There could even be some problems that he solves with the help of Haiku’s nice community via IRC or the forum
With regard to the topics themselves and what to show: If at all possible, you should focus on the stuff and the apps that seem to be release ready. For example, it wouldn’t make much sense in showing how to access a WEP encrypted wifi network via “setwep”. Before R1 is out we’ll (hopefully) have a nice netwok panel that takes care of all that. Also the Locale and Shortcut prefs aren’t ready yet.
So your target should be R1 as well. That may mean that you’ll shoot some things out of order, like configuration of the system.
Personally, I think most people would want good text documentation, but if you think videos would be useful, here’s some suggestions:
Quick intro on how to get Haiku up and run on the system (ready for dev work).
Point to where the dev tools are, and how to compile and make a basic application.
Also, a third suggestion:
How about a video highlighting all of the special/different aspects about how Haiku’s UI works. I’m not thinking about a tutorial here, but something for people who can use the OS already, but maybe want to know about the little differences/features real quick.
My vote is for a UI video too. Just yesterday I learnt something new about the UI and I gave been using BeOS from the 3.0 days.
I notice that a lot of the people coming to BeOS/Haiku seem to have problems because the UI does a number of things differently from other desktops.
Windows navigation seems to be the big one to me. Software installation is another. Also the inverse - how to de-install a driver. Others include editting the kernel/vesa files, creating links, preferences and for me personally - how to use the icon editor.
Nice! I had no idea that link existed. Thanks for pointing me out to some various tutorial information. This will help with crafting the video production as well.
Intro to basic system functions:
Browsing file systems
Customizing the UI
Searching for files
Running apps
Playing music/videos
Etc These are for people learning to use Haiku
Haiku also needs several sexy Intro videos. "Did you know you can do X, Y, and Z in Haiku?" These are to get people interested in Haiku
The sexy videos would be like advertisements for Haiku. They would have polished production, better scripting. Maybe we use a celebrity female
Sexy videos eh? Hmm, I think I might be able to swing that. Dunno about the celebrity female.
Anyhow, I hope to begin in mid-June, once I get my camera and any other equipment I will need for this tutorial. Thank you all for your help with the ideas.
Aldeck recently commented that using a camera to capture the screen is working quite well. Even if BeScreenCapture works (it does with the alpha, doesn’t with a current nightly), the result shows major tearing if you move windows around. Capturing a virtual installation won’t show Haiku’s snappiness accurately…
Maybe we can pressure Stefano to fix BeScreenCapture…
I think the most important feature to highlight in a Haiku “advertisement” is control and simplicity.
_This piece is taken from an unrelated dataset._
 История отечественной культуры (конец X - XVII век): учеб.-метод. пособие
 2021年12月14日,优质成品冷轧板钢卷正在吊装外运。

Haiku doesn’t waste your time doing things it thinks you want it to do. You are in control.
I think the most important topic for new users is “window management”. Window management in Haiku is a little different than in other operating systems, and if other users are like me, they will quickly end up with many windows open.
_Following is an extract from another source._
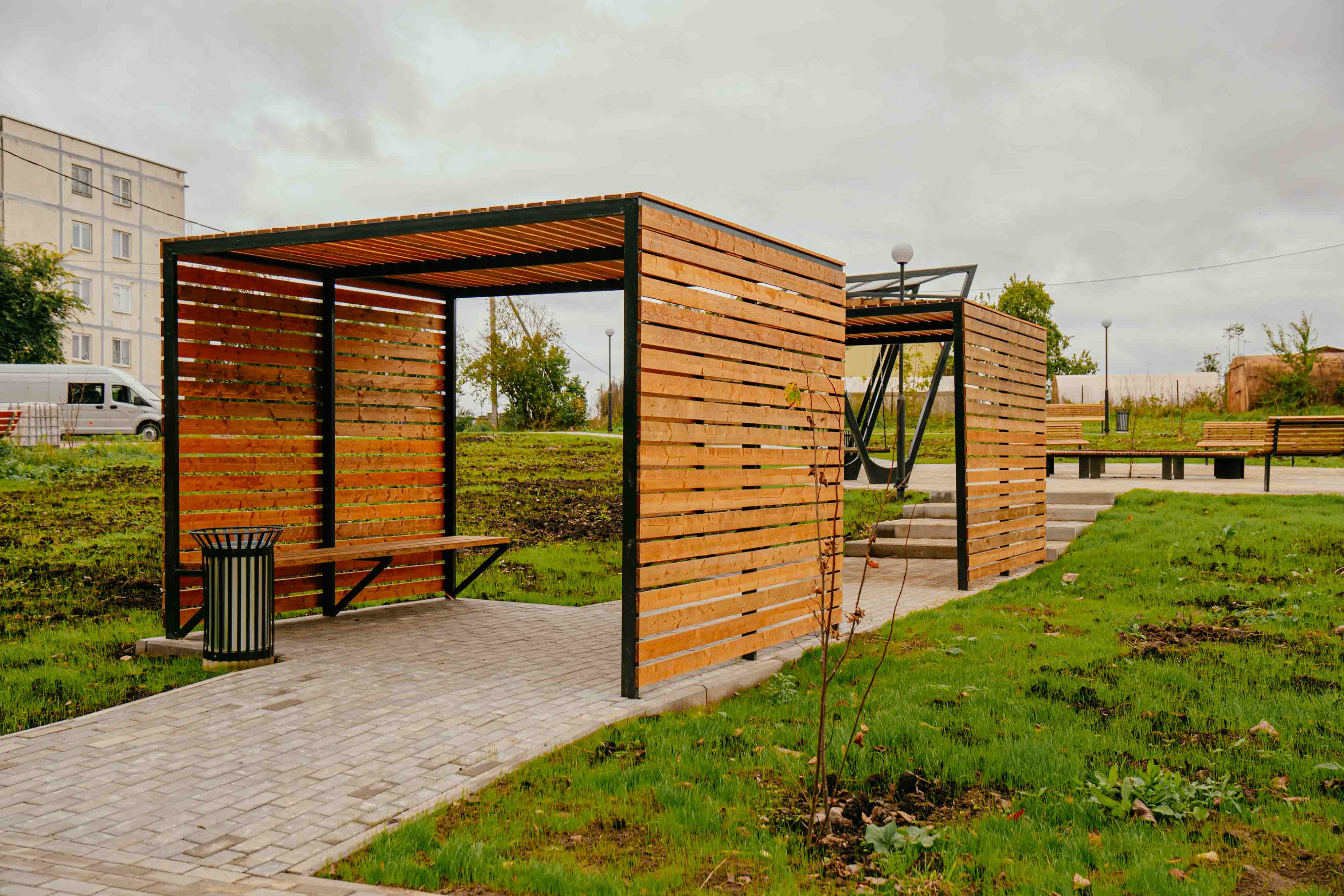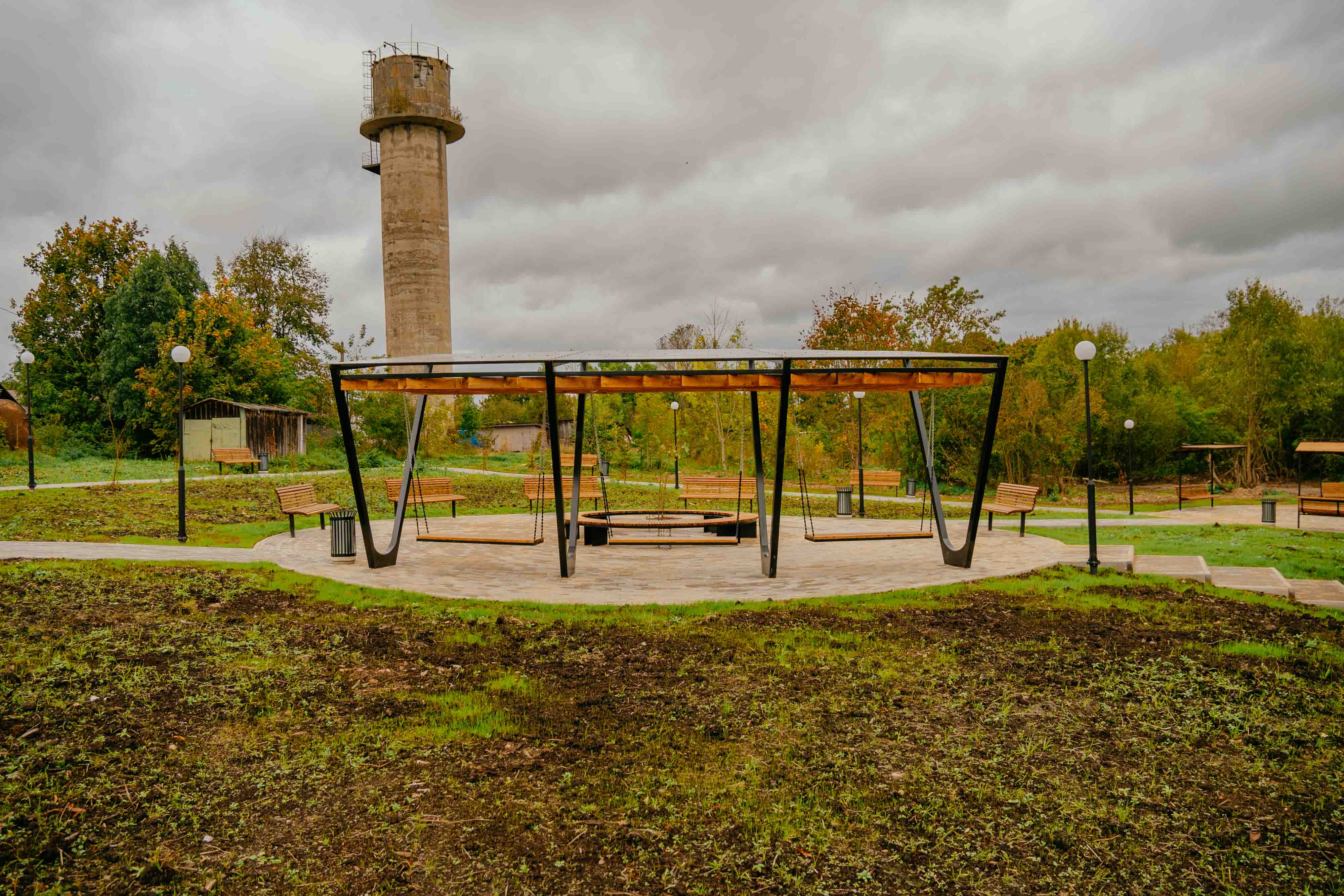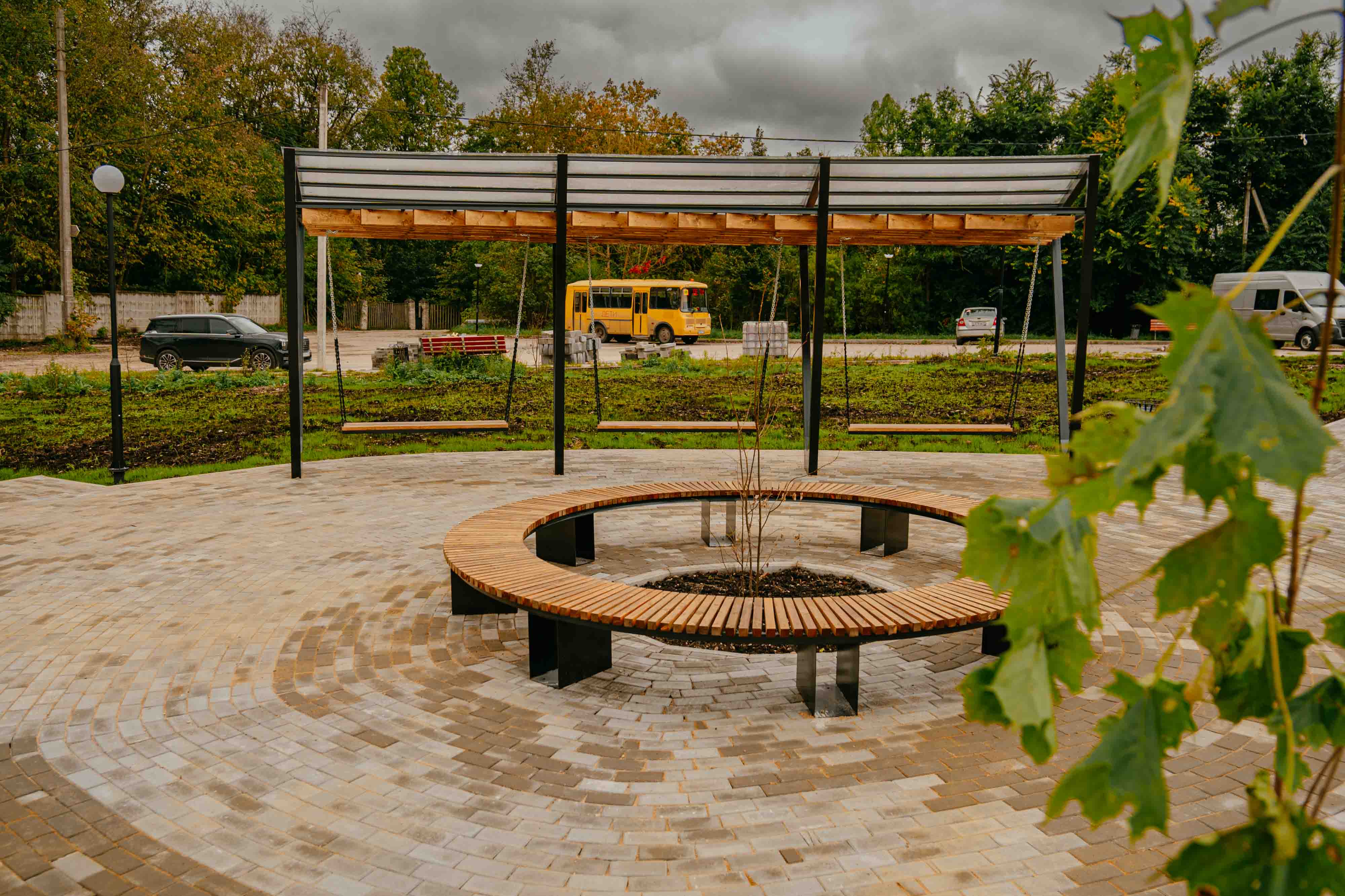 Была организована новая территоия: проложены транзитные пути, установлены качели и навесы, лавочки и урны

Here is an example of items to explain.
Using the Desk Bar
Starting an application
The window “Close” button
The window “Resize” button
Right clicking a window border
Double clicking a window border
Using Workspaces
Double clicking a Tracker “separator” (resize column)
Right click “drill down” menu in Tracker
I think all that’s necessary for that is something like a screen cast of someone using Haiku with (fun) dialog explaining it.